Tras estas afirmaciones, que corresponde analizar en frío, se señaló que se había instruido a la ANC, para que, a través de la “Comisión de la Verdad”, evaluara cada caso y articulara lo que fuera necesario para que algunos presos políticos (aún no está claro quiénes o cuántos serían, ni cuáles serían los criterios que se utilizarían para determinarlos) salieran de su injusto encierro.

Ese mismo jueves pudimos tener noticia de que, cumpliendo de manera expedita la orden presidencial (lo cual demuestra la nula independencia de nuestro poder judicial) ya se habían emitido las primeras boletas de excarcelación, a saber 26, de las cuales 20 estaban referidas a presos políticos. Como es lamentablemente costumbre, no fueron ejecutadas de inmediato, como lo ordena la Constitución, sino al día siguiente, progresivamente, hasta que se completó un primer lote de excarcelaciones de veinte personas. Un poco más tarde, el mismo viernes, fueron excarceladas dos personas más, y el día sábado (no el viernes, como algunos lo afirmaron) fueron también excarcelados también el norteamericano Joshua Holt y su esposa. En total, hasta el momento en el que escribo estas líneas, habían salido de la prisión, por órdenes de Maduro, 24 personas.

Salvedad hecha de Joshua Holt y de su esposa, que fueron enviados de inmediato a los EEUU, ninguno de los otros excarcelados obtuvo su libertad plena. A todos se les mantuvo el proceso penal abierto y a todos se les impusieron medidas cautelares, que implican, en diferentes modalidades, una libertad restringida o limitada. Esto implica que, si bien ya no están presos, no han sido en realidad liberados, sino excarcelados. Las investigaciones contra ellos se mantienen abiertas y, en cualquier momento, podrían volver a prisión si el poder así lo desea. Así están las cosas, lo reitero, al menos hasta el momento en el que preparo esta entrega.
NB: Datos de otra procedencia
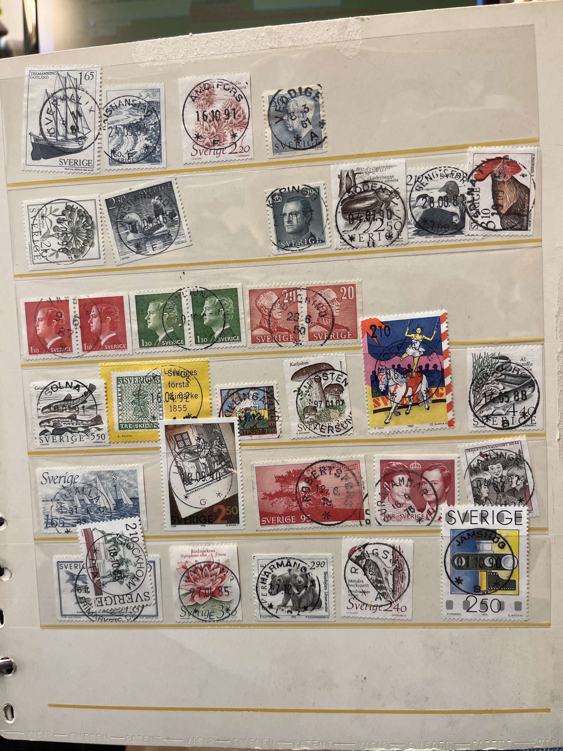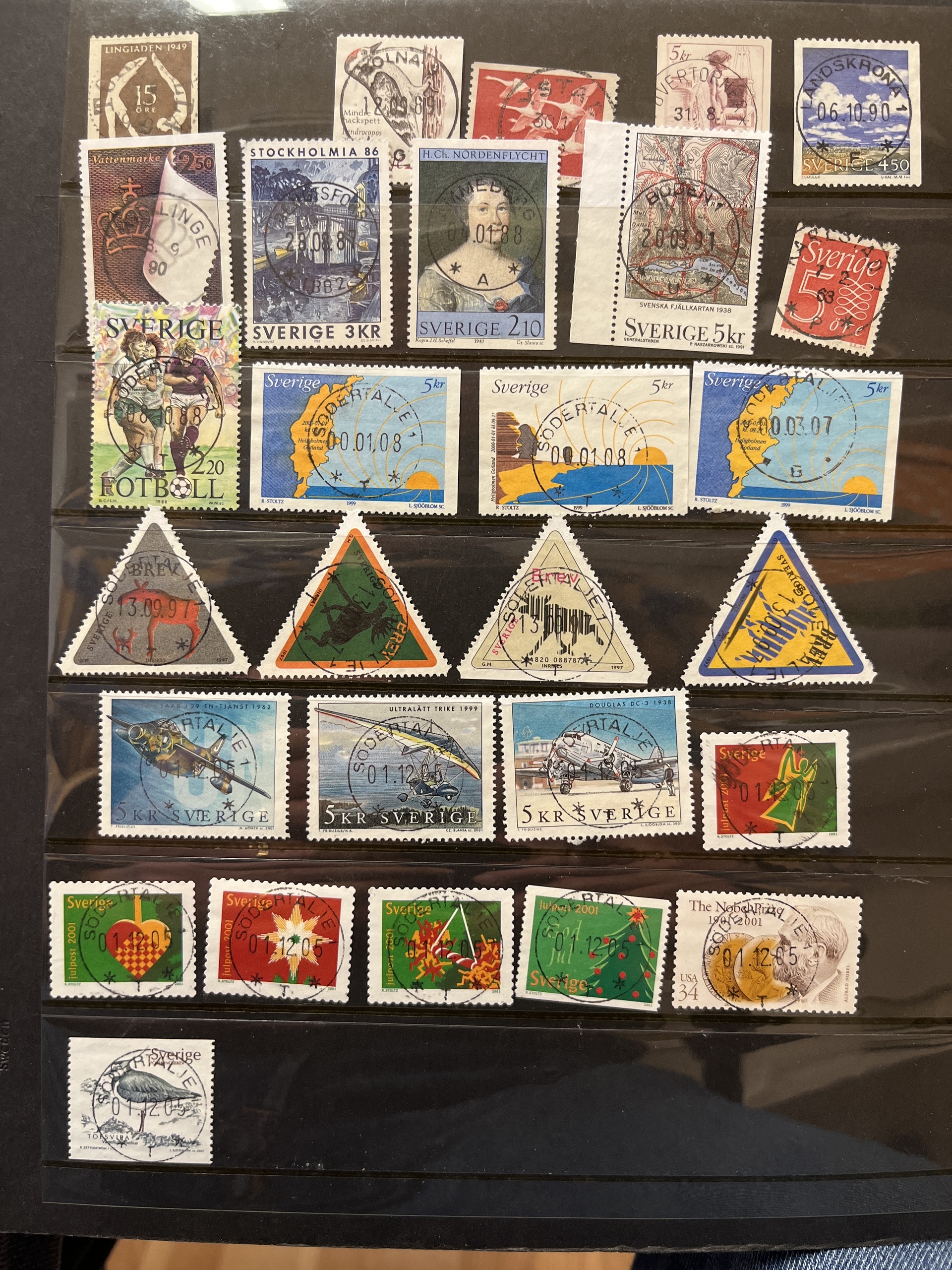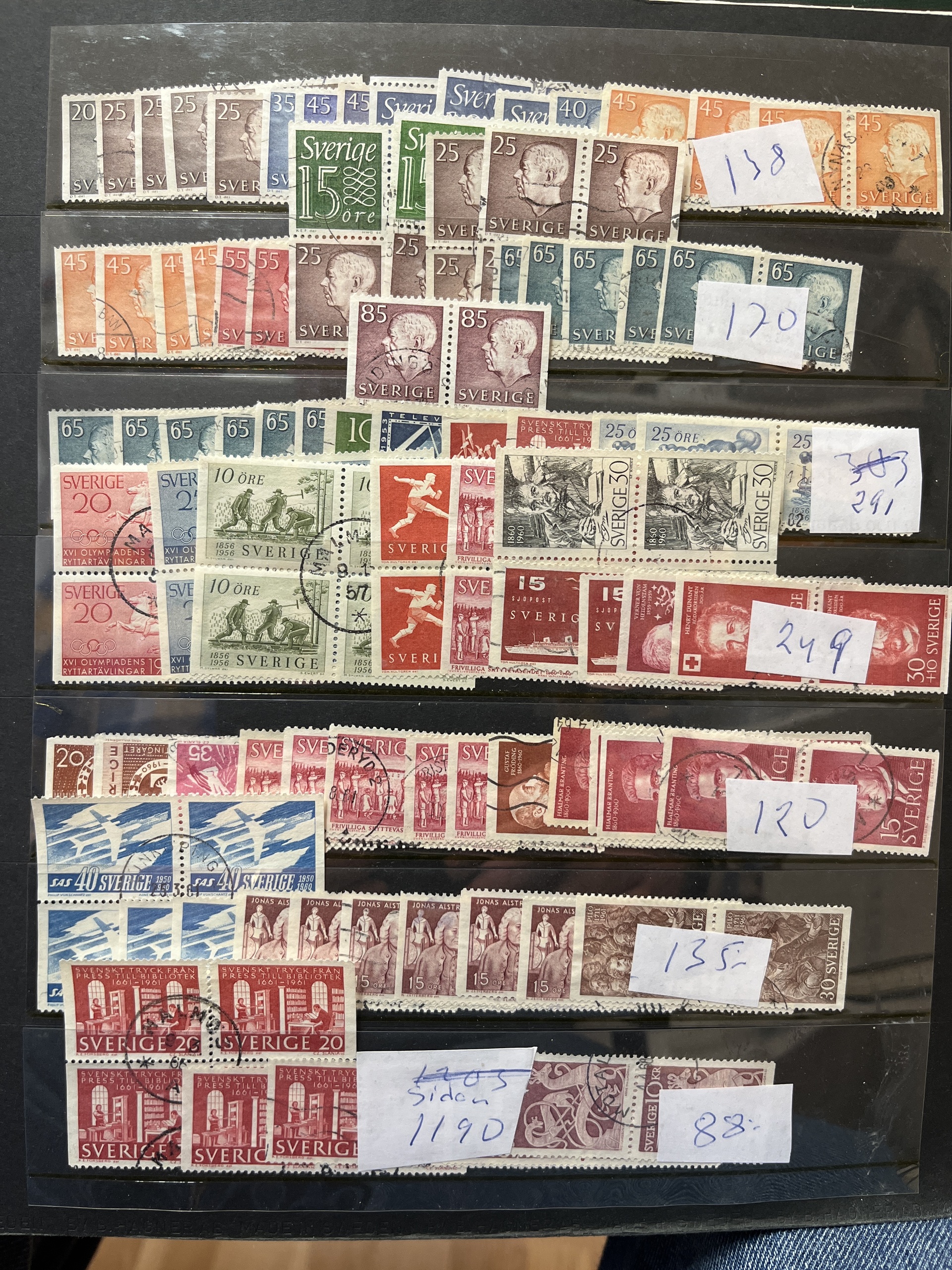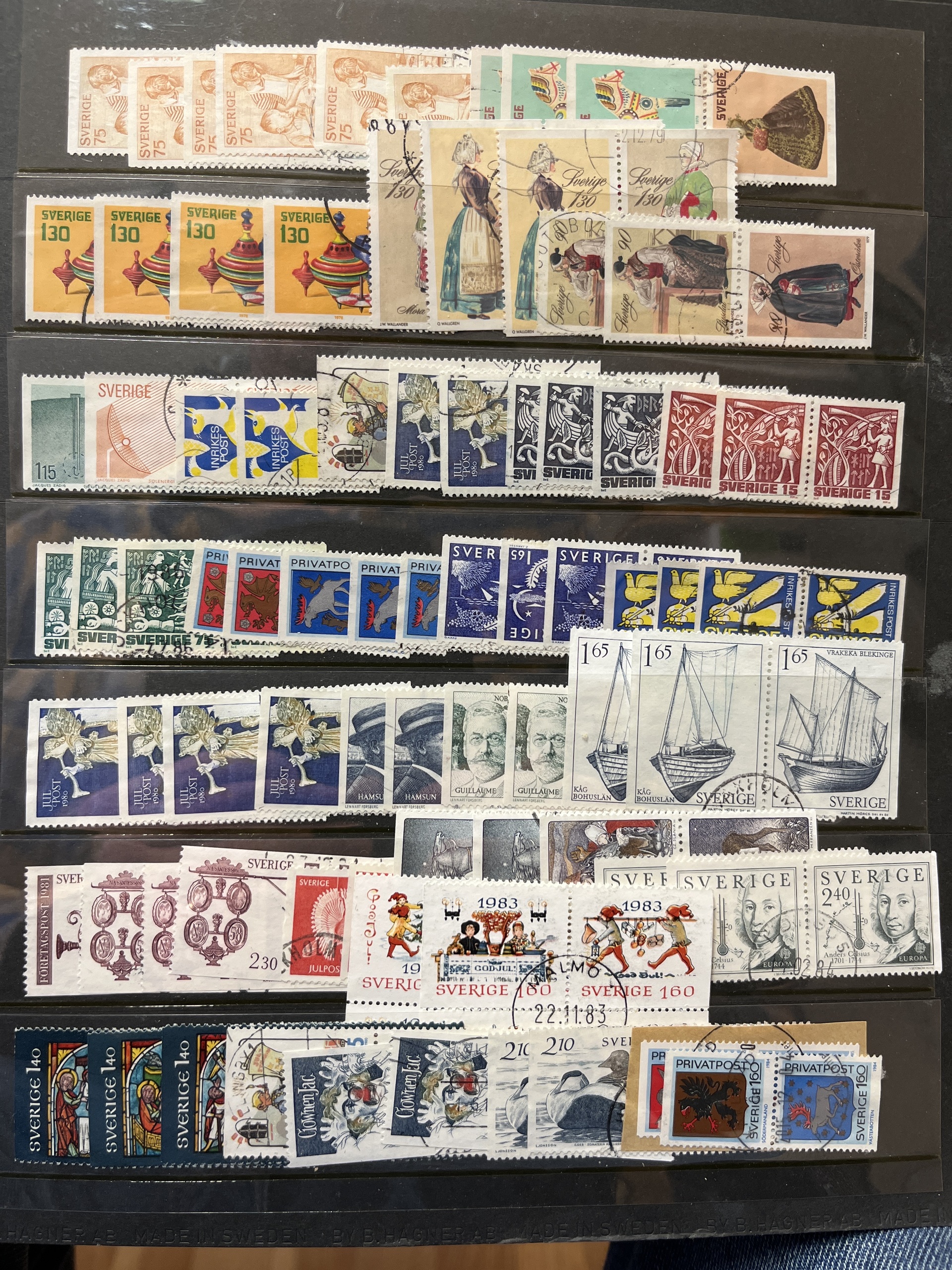 Sweden. Accumulation used ca. 1940–2000 in visir album. Over 100 stamps with fine–EXCELLENT cancellations, plus 30 visir leaves full with duplicates, many BB-pars and blocks. Fine quality.

Maduro ha promocionado su propuesta como un “gesto” de “buena voluntad”, pero varios elementos nos permiten dudar de tales “buenos propósitos”. Como punto previo, cabe destacar que concederle la libertad a quien nunca debió estar encarcelado no es un “gesto”, un “beneficio”, una “gracia” ni un “regalo” presidencial, por el contrario, es una obligación del gobierno. Partir de una premisa distinta significa aceptar lo inaceptable pues, aunque en nuestro país no exista el Estado de Derecho, según nuestra Carta Magna el poder está sometido a la Constitución, a las Leyes y a los Tratados Internacionales sobre DDHH vigentes en Venezuela, no al revés.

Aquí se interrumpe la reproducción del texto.